I think Moderna and Pfizer generated a lot of profit from the vaccines, and now they need a way of turning that over into capital, and they are still trying to find ways to have widespread adoption of regular mRNA treatments. But even millions or billions of dollars of capital investment will not yield a profit if its a bad investment.
mRNA injections are meant to be intramuscular, but some will become accidentally intravenous if the needle accidently enters (or nicks) a blood vessel. And then the substance will enter the heart and lungs where healthy heart and lung cells will begin expressing the Covid spike protein, causing those heart and lung cells to be killed by cytotoxic T cells and NK (natural killer) cells.
We used to protect against accidental intravenous injection by a technique called "aspiration", where the plunger of the syringe is withdrawn slightly prior to injection, to check for blood. However, aspiration was stopped around 2010 as it was feared the slight increase in injection pain might put people off getting routine vaccinations.

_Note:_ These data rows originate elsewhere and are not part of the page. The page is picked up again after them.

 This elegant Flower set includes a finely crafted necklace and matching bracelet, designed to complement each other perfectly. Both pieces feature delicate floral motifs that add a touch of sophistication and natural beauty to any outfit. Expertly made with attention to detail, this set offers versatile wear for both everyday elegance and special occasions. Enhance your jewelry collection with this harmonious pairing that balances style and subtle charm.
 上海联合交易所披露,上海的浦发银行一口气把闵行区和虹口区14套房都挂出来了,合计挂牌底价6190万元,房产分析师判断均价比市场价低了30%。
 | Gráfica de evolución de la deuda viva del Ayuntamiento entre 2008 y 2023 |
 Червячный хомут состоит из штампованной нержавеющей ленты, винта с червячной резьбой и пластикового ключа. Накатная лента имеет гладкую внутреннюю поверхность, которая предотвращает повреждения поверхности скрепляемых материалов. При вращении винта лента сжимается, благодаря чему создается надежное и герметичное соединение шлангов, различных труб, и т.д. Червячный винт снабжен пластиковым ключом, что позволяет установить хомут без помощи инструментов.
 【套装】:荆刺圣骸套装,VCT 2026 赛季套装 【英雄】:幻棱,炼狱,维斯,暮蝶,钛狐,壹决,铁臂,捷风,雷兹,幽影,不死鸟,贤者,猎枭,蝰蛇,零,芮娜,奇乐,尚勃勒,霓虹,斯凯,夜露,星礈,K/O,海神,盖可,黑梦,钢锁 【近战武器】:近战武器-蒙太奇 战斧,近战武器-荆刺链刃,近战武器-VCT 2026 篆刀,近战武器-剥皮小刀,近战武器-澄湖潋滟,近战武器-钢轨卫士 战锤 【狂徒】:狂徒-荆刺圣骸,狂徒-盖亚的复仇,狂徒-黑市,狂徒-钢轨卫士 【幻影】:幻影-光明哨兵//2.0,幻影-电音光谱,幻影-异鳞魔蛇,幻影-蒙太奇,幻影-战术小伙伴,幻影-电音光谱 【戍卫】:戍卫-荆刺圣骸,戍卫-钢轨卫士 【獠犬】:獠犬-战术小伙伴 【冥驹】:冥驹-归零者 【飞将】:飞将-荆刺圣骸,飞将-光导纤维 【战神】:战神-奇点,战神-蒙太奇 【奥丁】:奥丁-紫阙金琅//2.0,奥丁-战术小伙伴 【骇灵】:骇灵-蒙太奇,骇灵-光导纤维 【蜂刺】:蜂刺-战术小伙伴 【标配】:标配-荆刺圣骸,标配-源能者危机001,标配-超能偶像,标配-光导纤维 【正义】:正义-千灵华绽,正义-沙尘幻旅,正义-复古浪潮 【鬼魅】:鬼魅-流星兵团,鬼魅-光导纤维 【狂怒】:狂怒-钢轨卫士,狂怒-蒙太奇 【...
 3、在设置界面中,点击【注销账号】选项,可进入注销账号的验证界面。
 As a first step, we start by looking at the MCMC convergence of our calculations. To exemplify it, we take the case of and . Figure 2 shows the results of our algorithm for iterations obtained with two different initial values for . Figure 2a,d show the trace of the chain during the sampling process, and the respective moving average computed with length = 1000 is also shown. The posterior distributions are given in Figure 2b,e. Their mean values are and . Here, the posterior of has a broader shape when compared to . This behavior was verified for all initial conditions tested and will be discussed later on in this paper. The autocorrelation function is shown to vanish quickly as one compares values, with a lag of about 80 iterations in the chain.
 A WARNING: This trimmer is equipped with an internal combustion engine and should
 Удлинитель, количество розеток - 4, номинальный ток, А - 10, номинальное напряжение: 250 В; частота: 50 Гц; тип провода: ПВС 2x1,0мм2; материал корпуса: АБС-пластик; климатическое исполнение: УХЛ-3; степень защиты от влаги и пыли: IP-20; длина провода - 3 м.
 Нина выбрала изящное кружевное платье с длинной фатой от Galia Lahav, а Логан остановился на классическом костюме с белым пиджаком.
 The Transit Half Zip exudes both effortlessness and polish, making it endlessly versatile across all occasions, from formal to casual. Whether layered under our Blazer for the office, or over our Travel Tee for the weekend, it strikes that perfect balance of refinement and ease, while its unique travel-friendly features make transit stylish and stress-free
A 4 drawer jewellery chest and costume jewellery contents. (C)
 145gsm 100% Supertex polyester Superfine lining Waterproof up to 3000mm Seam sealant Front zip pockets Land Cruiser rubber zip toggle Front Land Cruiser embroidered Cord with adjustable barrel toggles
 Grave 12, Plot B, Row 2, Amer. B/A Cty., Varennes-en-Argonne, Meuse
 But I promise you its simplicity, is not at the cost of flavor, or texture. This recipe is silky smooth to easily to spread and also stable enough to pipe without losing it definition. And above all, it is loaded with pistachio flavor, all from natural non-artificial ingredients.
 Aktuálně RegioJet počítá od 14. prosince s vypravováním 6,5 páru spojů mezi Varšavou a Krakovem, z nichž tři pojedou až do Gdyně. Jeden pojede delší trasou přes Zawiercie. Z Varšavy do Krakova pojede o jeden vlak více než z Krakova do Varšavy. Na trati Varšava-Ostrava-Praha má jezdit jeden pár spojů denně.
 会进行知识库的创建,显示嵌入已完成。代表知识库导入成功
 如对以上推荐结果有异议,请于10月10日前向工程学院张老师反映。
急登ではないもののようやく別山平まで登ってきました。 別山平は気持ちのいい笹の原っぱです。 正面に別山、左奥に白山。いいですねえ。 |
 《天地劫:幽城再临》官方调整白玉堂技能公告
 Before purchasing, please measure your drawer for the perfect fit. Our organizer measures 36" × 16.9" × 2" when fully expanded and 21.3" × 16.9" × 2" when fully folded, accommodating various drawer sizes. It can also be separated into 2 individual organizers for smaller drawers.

This video focusses on the aspiration technique, and the consequences of inadvertantly giving an mRNA injection intravenously: https://www.youtube.com/watch?v=nBaIRm4610o&t=13s&ab_channel...
His bio:
"My name is John Campbell and I am a retired Nurse Teacher and A and E nurse based in England. I also do some teaching in Asia and Africa when time permits. These videos are to help students to learn the background to all forms of health care. My PhD focused on the development of open learning resources for nurses nationally and internationally."
In fact one of the top rated comments with child comments is specifically as you claim is bring censored mild but fair criticism of mRNA vaccine and it's effectiveness.
The censorship was even worse during the initial rollout of mRNA technology, blocking fair scrutiny of a widespread rollout.
Proper scientific scrutiny and debate is vital around novel technologies. Particularly novel MEDICAL technologies. And particularly where governments are mandating that the technology is administered to whole populations.